By breaking the 1-to-1 physical binding between I/O and servers, the server switch creates a centrally managed I/O resource, with several benefits:
• On-demand, Scalable I/O: Servers access the resources they need, when they need them.
• Simplified Management: I/O can be centrally administered and scaled, significantly cutting costs and management complexity.
• Reduced Downtime: Failure rates are lowered by reducing managed cards and ports in the network infrastructure.
• Lower Costs from I/O Consolidation: By matching I/O requirements to performance rather than number of servers, customers can see a 50 percent reduction in I/O costs due to fewer cards, cables, and switch ports.
• Mobile virtual I/O subsystems: I/O identities previously bound to individual server hardware, such as World-Wide Node Names and MAC addresses, are virtualized and stored in the fabric, enabling rapid change. In conjunction with VFrame Server Virtualization software, this enables server virtualization.
This paper highlights the features of Cisco's Virtual I/O architecture and discusses how virtualization is performed with Ethernet and Fibre Channel networking technologies.
VIRTUAL I/O: HOW IT WORKS
When I/O resources are located in the server switch, they are accessible by any server in the cluster, and can be assigned to one or more servers dynamically. Figure 1 shows how each clustered server shares access to the common gateway in the server switch.
Figure 1. I/O Virtualization
Virtual I/O reduces network complexity by creating a unified high performance fabric that carries all types of network traffic, using an InfiniBand interconnect to carry all network traffic. Without virtual I/O, a server can have dedicated cards for each network type (doubled for high availability). A typical server might have two NICs for LAN connectivity, two HBAs for SAN connectivity, and two cards for cluster communications. In contrast, a cluster with virtual I/O has only one 10Gbps network port (two for redundancy), and share remote Fibre Channel and Ethernet ports on a central server switch. Figure 2 illustrates this unified fabric.
The Server switch allows all servers connected to InfiniBand to communicate to Fibre Channel and Ethernet via shared I/O gateways. In Figure 2, storage traffic travels across InfiniBand and is converted to Fibre Channel at the Fibre Channel gateway. In this example, a single Fibre Channel port at the Cisco SFS 3000 Series InfiniBand to Fibre Channel gateway replaces the ports in each server.

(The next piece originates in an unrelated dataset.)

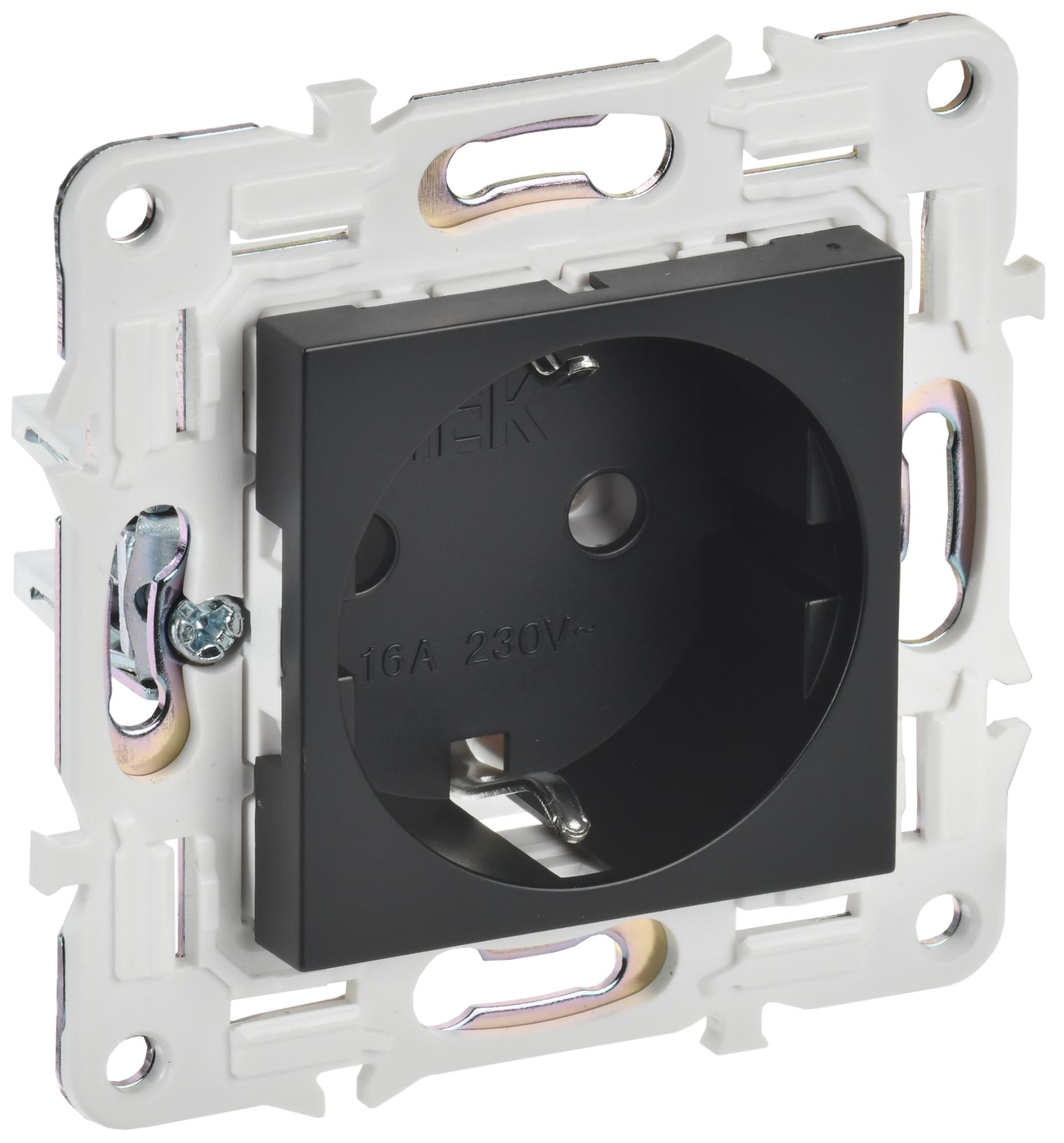 IEK SKANDY Черный Розетка с/з без защитных шторок 16А SK-R05Bl, арт SK-R11-16-K02

Using a "wire-once" model, administrators can centrally manage a pool of I/O, similar to how storage resources can be centrally managed. Instead of physically touching servers by installing and configuring additional ports, administrators simply add a new gateway or another server switch. The Server Fabric Switch can then add that bandwidth to the portion of the cluster that requires it. Administrators can now build I/O infrastructure based on average load, instead of dedicated peak bandwidth per server.
VIRTUALIZED IP
Using IP over InfiniBand, standard IP-based applications work transparently over InfiniBand. The InfiniBand Architecture Specification defines a standard IP-over-InfiniBand (IPoIB) encapsulation mechanism. The 300 Series InfiniBand to Ethernet gateway uses IPoIB to extract IP packets from InfiniBand and transmit them via Ethernet. Similarly, incoming Ethernet frames with IP payloads are converted to InfiniBand. IPoIB uses standard Berkeley Sockets libraries, so existing applications communicate using existing APIs, with no change required. When an administrator configures a host, he or she configures an IP interface tied to an InfiniBand port (i.e. ib0 or ib1), and also associated an InfiniBand partition, which is mapped to a VLAN via the gateway, as described below.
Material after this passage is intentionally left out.